Local anaesthesia with sedoanalgesia for urethrotomy has several advantages compared to spinal or general anaesthesia. The anxiety associated with general anaesthesia is eliminated with sedation. Midazolam has been reported to decrease anxiety preoperatively and postoperatively without any significant effect on vital signs (10). In addition, the risks of postoperative nausea and headache are eliminated with our protocol. Moreover, patients who have high risk factors could be safely managed with a local urethral anaesthesia combined with sedoanalgesia. Sedoanalgesia also has a shorter anaesthesia preperation and recovery time, which might translate into lower costs. Intravenous alfentanyl and midazolam has been shown to be safe and efficient for many endourological procedures with a 46% decrease in costs (11). Aside from the cost benefits, the patients can return to their daily activities earlier.

There may be concern about patient discomfort in the case of extention in the duration of the operation. However, the incidence of long operative times is low and there is always the potential to turn the operation into a spinal or general anaesthesia. Nevertheless, our protocol is not advisable for operations with long urethral strictures and/or those requiring a long time period of surgery.

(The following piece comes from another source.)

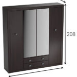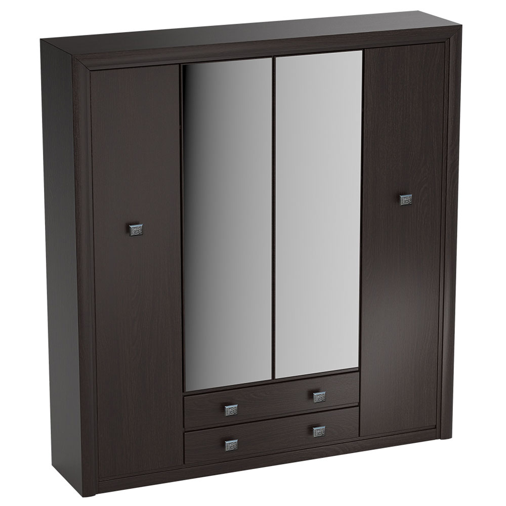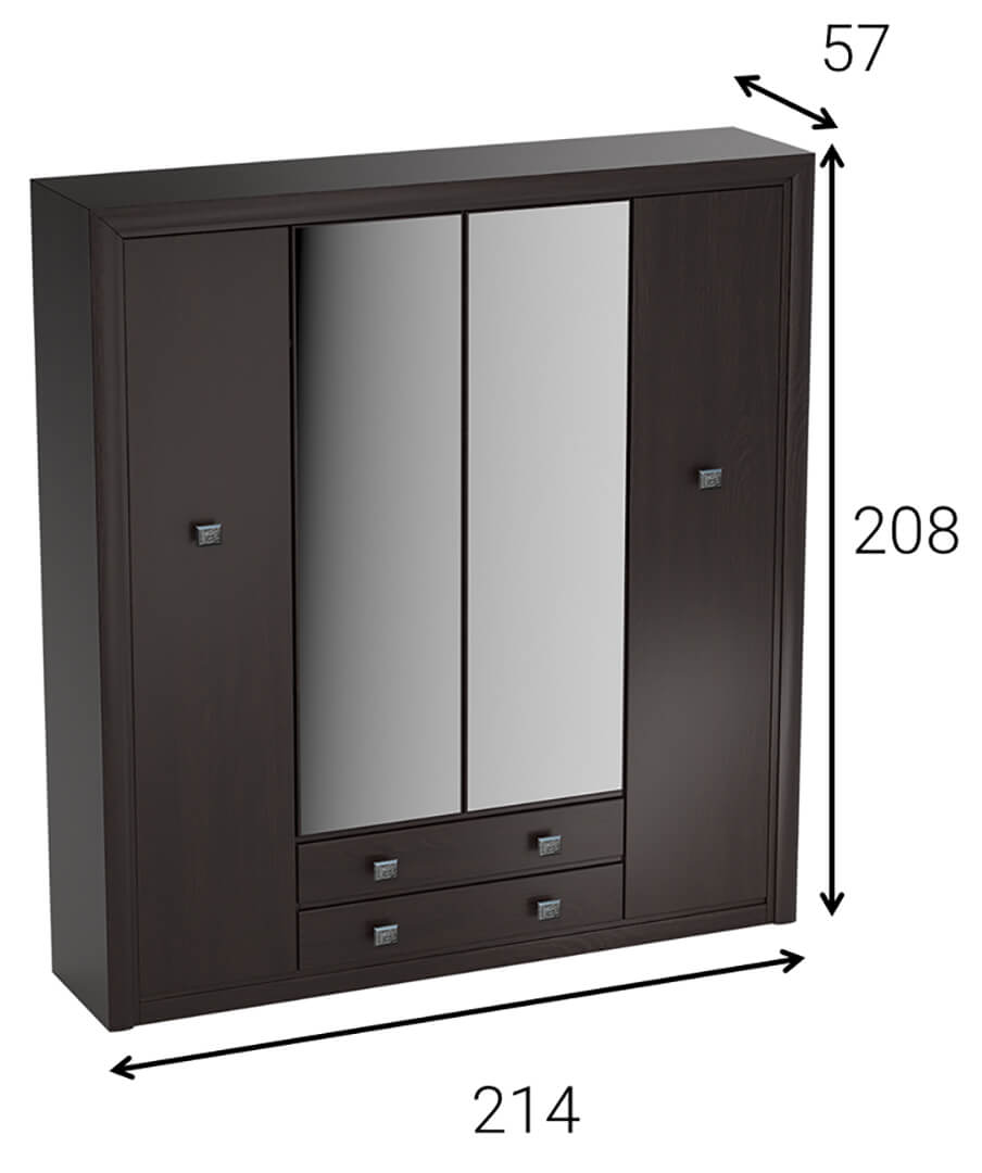 8 półek, 4 drzwi (2 środkowe z lustrem), 2 szuflady

The addition of intravenous sedoanalgesia to local urethral anaesthesia improved VAS pain scores and provided the surgeons with a greater feeling of confidence against patient discomfort during the procedure. Our protocol might also offer patients safer anaesthesia and shorter operative times with equilavent results. Furthermore, an internal urethrotomy could be performed in an office setting, in selected cases.